I have a larger data frame in R that I am looking to do some calculations with by row name. The data frame shown partially below, contains 236 weather stations with each station displayed nine times because each station has nine separate forecast hours for each weather variable. The fact that that each hour is not listed in its own column is irrelevant as I am looking to add the snowfall together and average the wind and temperature. Thus, my final data frame will concatenate the data frame into 236 rows (one for each station) with a total snowfall, average wind speed, and average temperature.
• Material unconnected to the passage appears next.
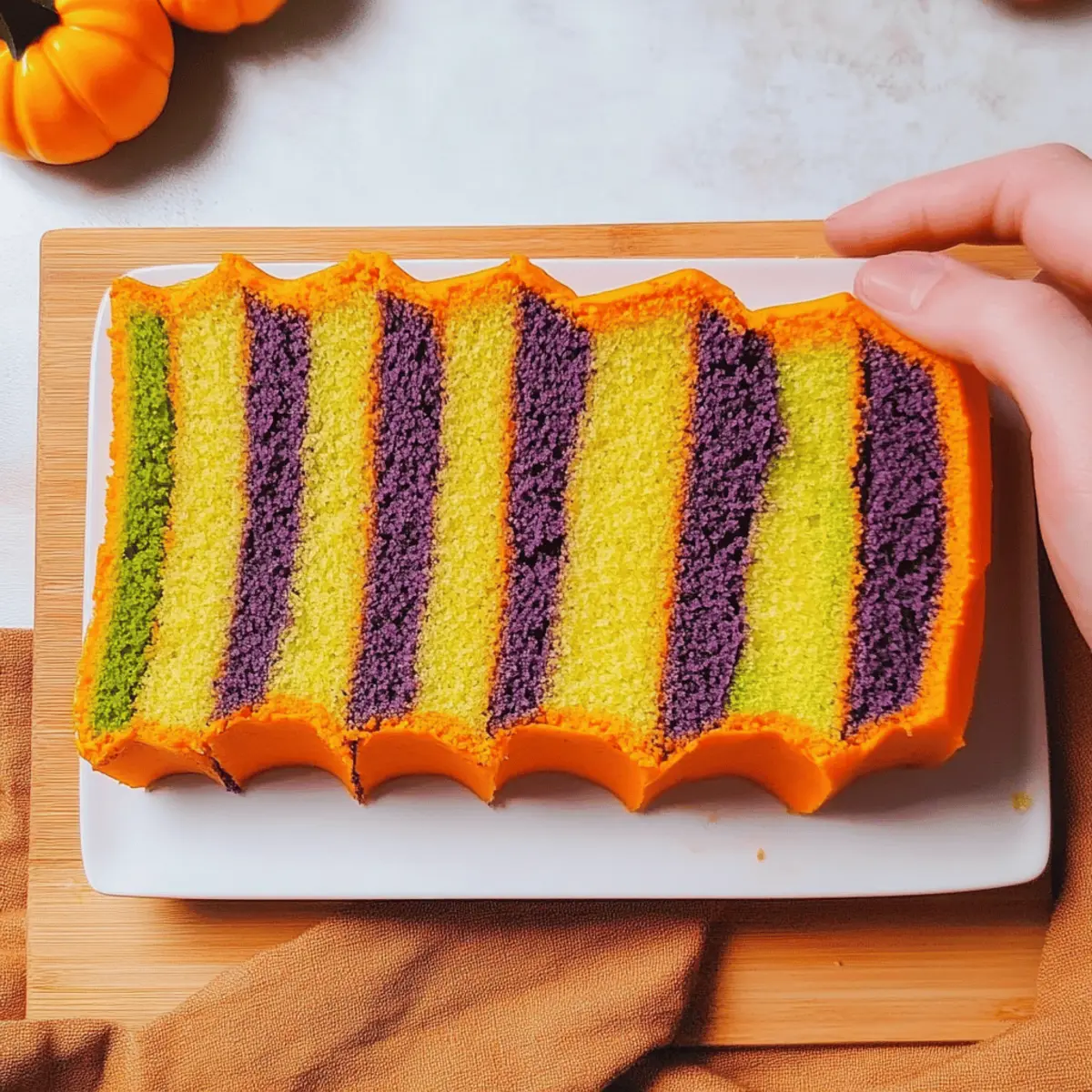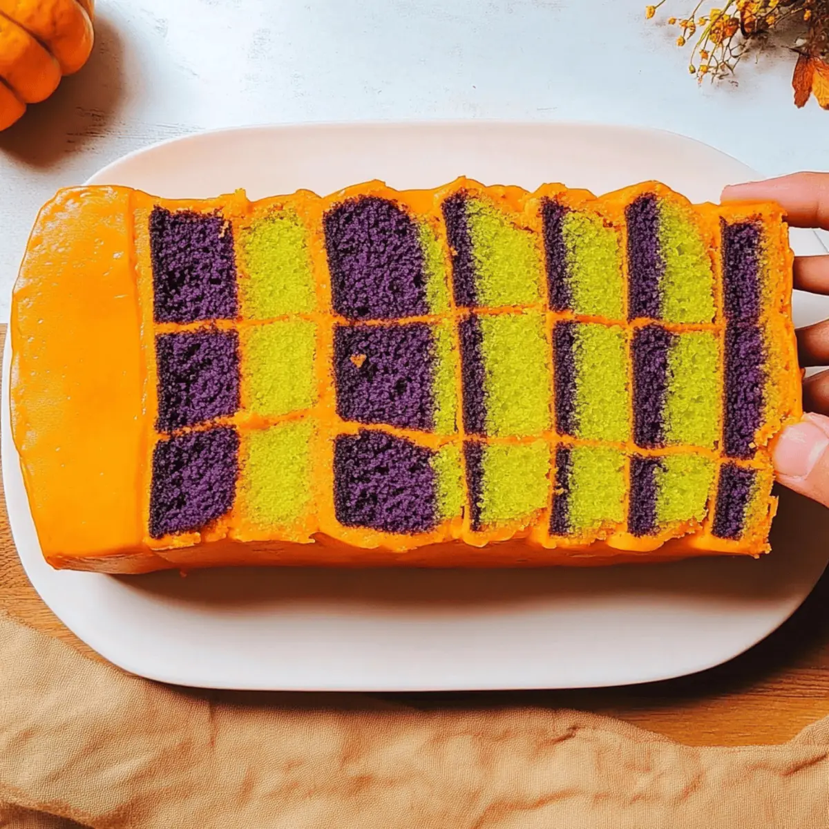 Jump to Recipe Print RecipeAs I scooped out the colors for my latest baking adventure, I couldn’t help but smile at the vibrant hues of the green and purple batter eagerly awaiting their turn in the oven. This Halloween Battenberg cake is a playful take on a classic British dessert, blending nutty almond flavors with a whimsical twist that’s perfect for any spooky gathering. Not only is it a visual masterpiece, elegantly enveloped in bright orange marzipan, but its make-ahead charm means you can create this show-stopping treat without the last-minute rush. So, whether you’re looking to impress guests or simply treat yourself, this cake promises a fun baking experience and a delightful taste journey. Curious to see how to conjure up this festive creation? Let’s dive into the recipe! Why is this Halloween Battenberg cake special? Irresistible flavors: The nutty almond sponge perfectly balances the sweetness of the vibrant marzipan. Visually stunning: Dazzling green and purple layers peeking through the bright orange, this cake is guaranteed to be a conversation starter at any Halloween gathering. Make-ahead magic: Prepare it in advance and store it easily, making your festivities stress-free. Fun for everyone: Kids and adults alike will be delighted by this whimsical spin on a classic dessert. Easy to customize: Change the colors for any occasion, like festive reds and greens for Christmas or soft pastels for Easter. Explore more holiday ideas with our Fun Holiday Desserts for inspiration! Halloween Battenberg Ingredients For the Batter Unsalted Butter – Ensure it’s softened for easy blending and adds moisture to the cake. Caster Sugar – Sweetens the cake while helping achieve a light and fluffy sponge. Medium Eggs – Lightly beaten to provide structure and bind the ingredients together. Self-Raising Flour – Essential for giving the sponge its delightful rise. Ground Almonds – Contributes a nutty flavor and enhances the cake’s moistness. Almond Essence – Intensifies the almond flavor; vanilla can be used as a substitute if desired. For the Colors Green and Purple Food Colouring Pastes (Sugarflair) – Use to achieve the desired vibrant hues in the battenberg layers. Orange Food Colouring Paste (Sugarflair) – Needed for creating the eye-catching marzipan layer. For the Layers Shredless Marmalade – Acts as a delicious spread for layering; heat and strain if using marmalade with shreds. Marzipan – Envelops the cake for an attractive finish and enhances the sweet flavor. Icing Sugar – For dusting, keeping everything neat and preventing sticking. Step‑by‑Step Instructions for Halloween Battenberg Step 1: Preheat and Prepare Start by preheating your oven to 350°F (175°C). While it warms, grease two 8-inch cake pans and line the bottoms with baking parchment. This ensures the Halloween Battenberg will release easily after baking. Keep your ingredients close; organization will make the process smoother as you move to the next steps! Step 2: Cream the Butter and Sugar In a mixing bowl, beat together 1 cup of softened unsalted butter and 1 cup of caster sugar until the mixture is light and fluffy, about 3-5 minutes. This step is crucial as it incorporates air into the batter, resulting in a lighter sponge. Use a handheld or stand mixer to achieve the perfect creamy consistency. Step 3: Add the Eggs Slowly add in 4 lightly beaten medium eggs, one at a time, mixing well after each addition. This gradual incorporation helps create a smooth batter. You’ll notice a glossy texture developing; that’s the sign you’re on the right track for your Halloween Battenberg! Step 4: Combine Dry Ingredients In another bowl, sift together 2 cups of self-raising flour and 1 cup of ground almonds. Gently fold this dry mixture into the wet ingredients using a spatula until fully combined and smooth, being careful not to over-mix. The batter should look rich and creamy, ready for its festive transformation. Step 5: Divide and Color the Batter Divide the batter evenly into two separate bowls. Now, add green food coloring paste to one bowl and purple food coloring paste to the other, mixing until you achieve vibrant colors. This is where the Halloween spirit comes to life in your Battenberg! Aim for a bold hue that will pop when baked. Step 6: Bake the Layers Spoon the green batter into one prepared cake pan and the purple batter into the other. Bake in the preheated oven for about 25-30 minutes, or until a toothpick inserted into the center comes out clean. The cakes should be golden brown on top, providing a delightful contrast to their bright interiors. Step 7: Cool and Slice Once baked, remove the cakes from the oven and allow them to cool in the pans for 10 minutes. Gently transfer them to a wire rack to cool completely. Once cool, trim the tops of the cakes so they are even, and slice each cake into equal-sized rectangles for layering. Step 8: Layer with Marmalade Spread a thin layer of shredless marmalade between each alternating piece of the battenberg sponge, creating an attractive checkerboard effect. Carefully assemble the purple and green slices together, ensuring they align perfectly for a stunning presentation. This step adds both flavor and stability to your Halloween Battenberg. Step 9: Cover with Marzipan Dust your countertop with icing sugar to prevent sticking, then roll out 1 pound of orange marzipan to a thickness of about ¼ inch. Carefully drape the marzipan over the assembled cake, smoothing it out for a seamless finish. This bright exterior enhances the visual appeal and sweetness of the Halloween Battenberg. Step 10: Final Touches and Serve Trim any excess marzipan from the base of the cake. For a festive flair, consider adding edible decorations or a dusting of icing sugar before slicing. Your beautifully crafted Halloween Battenberg is now ready to impress at your gathering, showcasing delightful layers and a striking appearance! What to Serve With Hallo
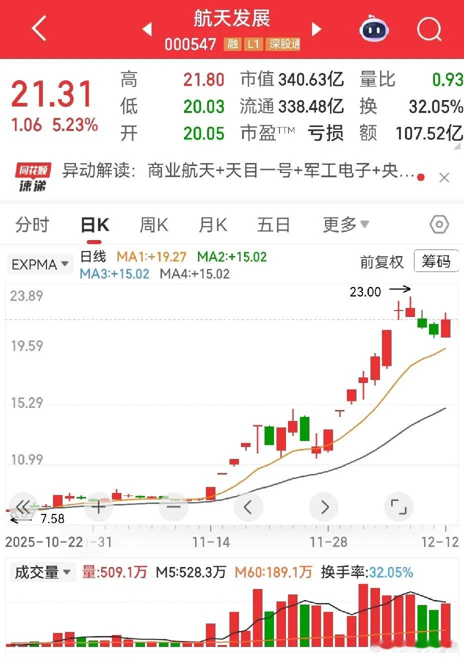 航天动力icon,航天发展,华菱线缆icon。航天线路里面强势的较多,各领风骚好几天,开始看发展,现在看动力,还有那个顺灏,到底哪一个是王者,至今难分伯仲。航天发展,虽然这几天并不抢眼,但是休整之后,未必颓废。航天动力,十七天十五阳七板的大喜局面,已经得到市场认可,最近九连阳,可喜可贺,但是这里提醒一下,高处不胜寒。华菱线缆,用一字板反包苍蝇拍,消息刺激成分大,还有几个一字不好说,哪一天打开一字板,也许就是最后的晚餐。特别提醒:贴图欣赏,并非推荐,据此操作,风险自担。✦✦✦本人仅此一号,无微信群,无公众号,不主动加人,主动加人者是骗子。请提高警惕,否则损失自负。✦✦✦

I have tried numerous functions within the apply family, and attempted this within the dplyr package, but it doesn't like row names. I'm also having trouble getting the data frame into an actual format (including R's proper data frame format) so that the row names and weather variables can have calculations done on them together. I listed the row names as a character, and cbind them to my original data frame as a matrix, but that doesn't work either.

Stuck here, any ideas?

Here is a small portion of my data frame (the copy paste functionality here won't let me keep it coherent looking so I added one station as best I could so the quotes aren't in the actual data) I do not have image rights yet. Thanks.

                    snowfall      sfc.wind             Tavg
EET - Alabaster, AL      "0"     "5.606221"       "45.38081"

edit: I was told below how to properly paste in my matrix and here it is.

Sean's code below fixes my issue. It has the green check mark next to it.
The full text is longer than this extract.